Supplied entries Start Marker

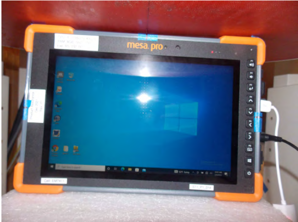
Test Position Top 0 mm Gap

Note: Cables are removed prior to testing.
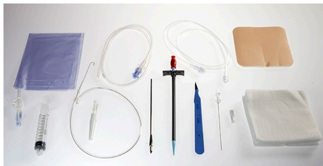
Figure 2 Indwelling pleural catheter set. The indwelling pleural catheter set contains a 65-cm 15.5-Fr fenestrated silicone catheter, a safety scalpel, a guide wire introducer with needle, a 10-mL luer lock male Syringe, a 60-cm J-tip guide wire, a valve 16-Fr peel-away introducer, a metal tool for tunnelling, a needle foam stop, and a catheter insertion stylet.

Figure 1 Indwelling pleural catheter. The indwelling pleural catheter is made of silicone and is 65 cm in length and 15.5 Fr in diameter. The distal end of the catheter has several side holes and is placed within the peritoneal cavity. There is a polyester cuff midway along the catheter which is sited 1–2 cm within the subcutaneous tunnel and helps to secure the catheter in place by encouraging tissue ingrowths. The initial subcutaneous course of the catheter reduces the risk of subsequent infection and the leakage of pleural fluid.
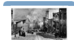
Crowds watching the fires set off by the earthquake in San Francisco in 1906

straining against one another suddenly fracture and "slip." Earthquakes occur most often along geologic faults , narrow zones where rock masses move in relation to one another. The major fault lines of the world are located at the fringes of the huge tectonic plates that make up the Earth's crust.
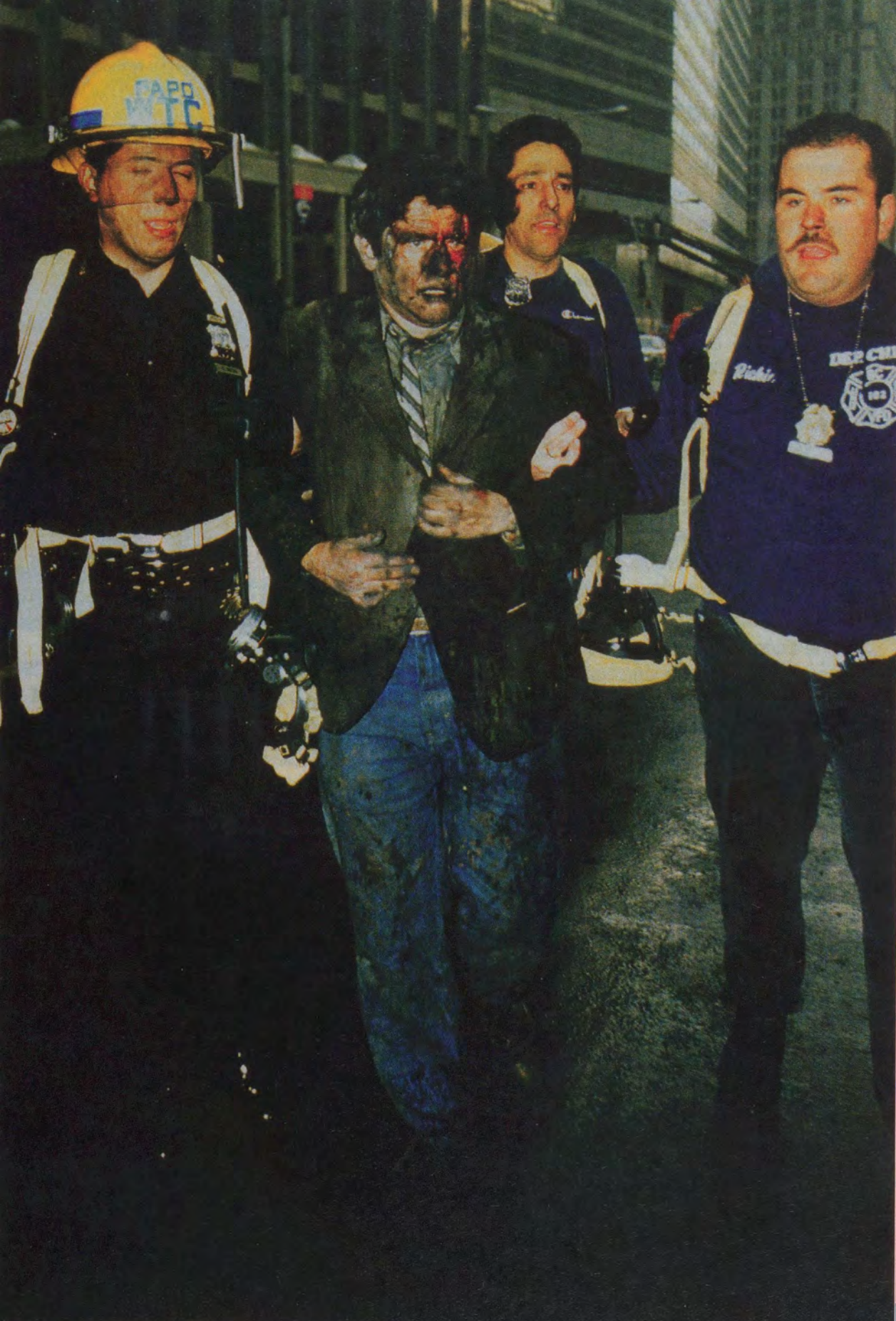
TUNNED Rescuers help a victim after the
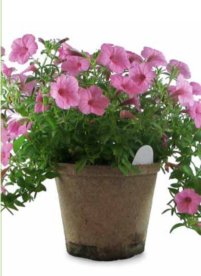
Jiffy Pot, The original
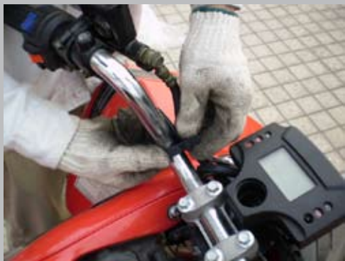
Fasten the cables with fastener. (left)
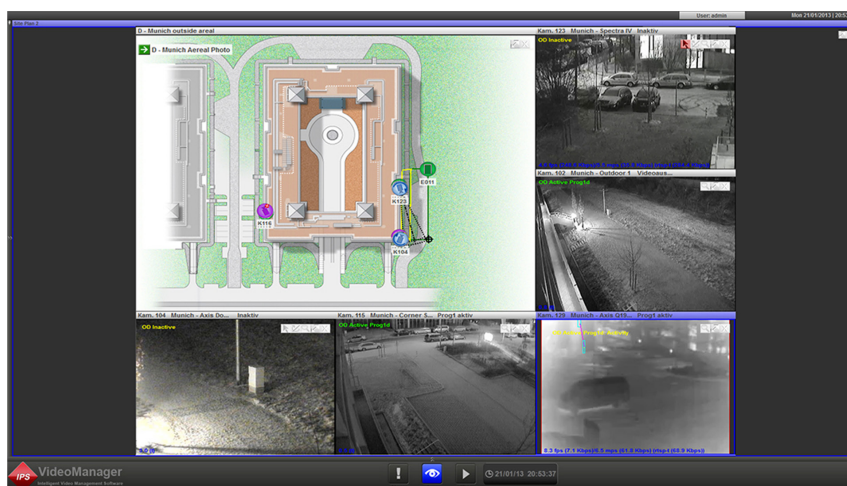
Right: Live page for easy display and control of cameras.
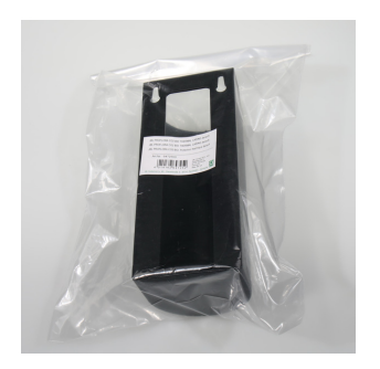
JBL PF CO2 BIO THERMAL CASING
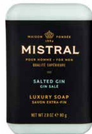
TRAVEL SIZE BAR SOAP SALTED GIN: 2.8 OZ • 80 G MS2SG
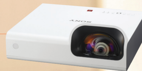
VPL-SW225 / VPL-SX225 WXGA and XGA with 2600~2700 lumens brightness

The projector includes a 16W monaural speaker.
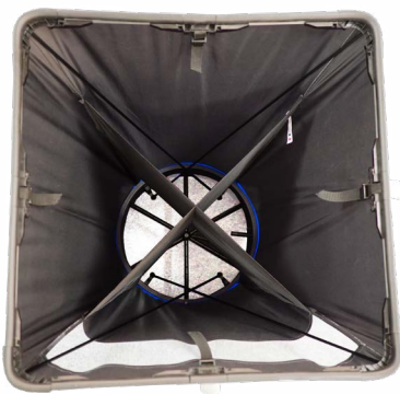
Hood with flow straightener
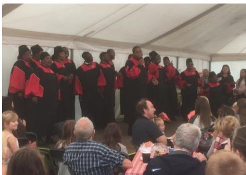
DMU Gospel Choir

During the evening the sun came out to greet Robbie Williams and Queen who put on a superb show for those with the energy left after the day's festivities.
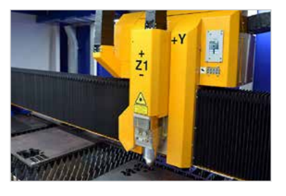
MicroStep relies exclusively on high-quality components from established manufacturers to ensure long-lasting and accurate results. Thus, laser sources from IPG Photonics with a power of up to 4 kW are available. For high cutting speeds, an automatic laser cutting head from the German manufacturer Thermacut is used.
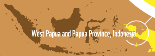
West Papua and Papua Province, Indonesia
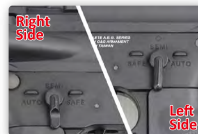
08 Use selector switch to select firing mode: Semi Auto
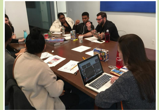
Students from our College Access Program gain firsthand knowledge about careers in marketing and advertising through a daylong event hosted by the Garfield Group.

Supplied entries End Marker

Exercise instructions: The data above, line by line: transcribe it exactly and drop the pictures.

The answer:
Test Position Top 0 mm Gap

Note: Cables are removed prior to testing.
Figure 2 Indwelling pleural catheter set. The indwelling pleural catheter set contains a 65-cm 15.5-Fr fenestrated silicone catheter, a safety scalpel, a guide wire introducer with needle, a 10-mL luer lock male Syringe, a 60-cm J-tip guide wire, a valve 16-Fr peel-away introducer, a metal tool for tunnelling, a needle foam stop, and a catheter insertion stylet.

Figure 1 Indwelling pleural catheter. The indwelling pleural catheter is made of silicone and is 65 cm in length and 15.5 Fr in diameter. The distal end of the catheter has several side holes and is placed within the peritoneal cavity. There is a polyester cuff midway along the catheter which is sited 1–2 cm within the subcutaneous tunnel and helps to secure the catheter in place by encouraging tissue ingrowths. The initial subcutaneous course of the catheter reduces the risk of subsequent infection and the leakage of pleural fluid.
Crowds watching the fires set off by the earthquake in San Francisco in 1906

straining against one another suddenly fracture and "slip." Earthquakes occur most often along geologic faults , narrow zones where rock masses move in relation to one another. The major fault lines of the world are located at the fringes of the huge tectonic plates that make up the Earth's crust.
TUNNED Rescuers help a victim after the
Jiffy Pot, The original
Fasten the cables with fastener. (left)
Right: Live page for easy display and control of cameras.
JBL PF CO2 BIO THERMAL CASING
TRAVEL SIZE BAR SOAP SALTED GIN: 2.8 OZ • 80 G MS2SG
VPL-SW225 / VPL-SX225 WXGA and XGA with 2600~2700 lumens brightness

The projector includes a 16W monaural speaker.
Hood with flow straightener
DMU Gospel Choir

During the evening the sun came out to greet Robbie Williams and Queen who put on a superb show for those with the energy left after the day's festivities.
MicroStep relies exclusively on high-quality components from established manufacturers to ensure long-lasting and accurate results. Thus, laser sources from IPG Photonics with a power of up to 4 kW are available. For high cutting speeds, an automatic laser cutting head from the German manufacturer Thermacut is used.
West Papua and Papua Province, Indonesia
08 Use selector switch to select firing mode: Semi Auto
Students from our College Access Program gain firsthand knowledge about careers in marketing and advertising through a daylong event hosted by the Garfield Group.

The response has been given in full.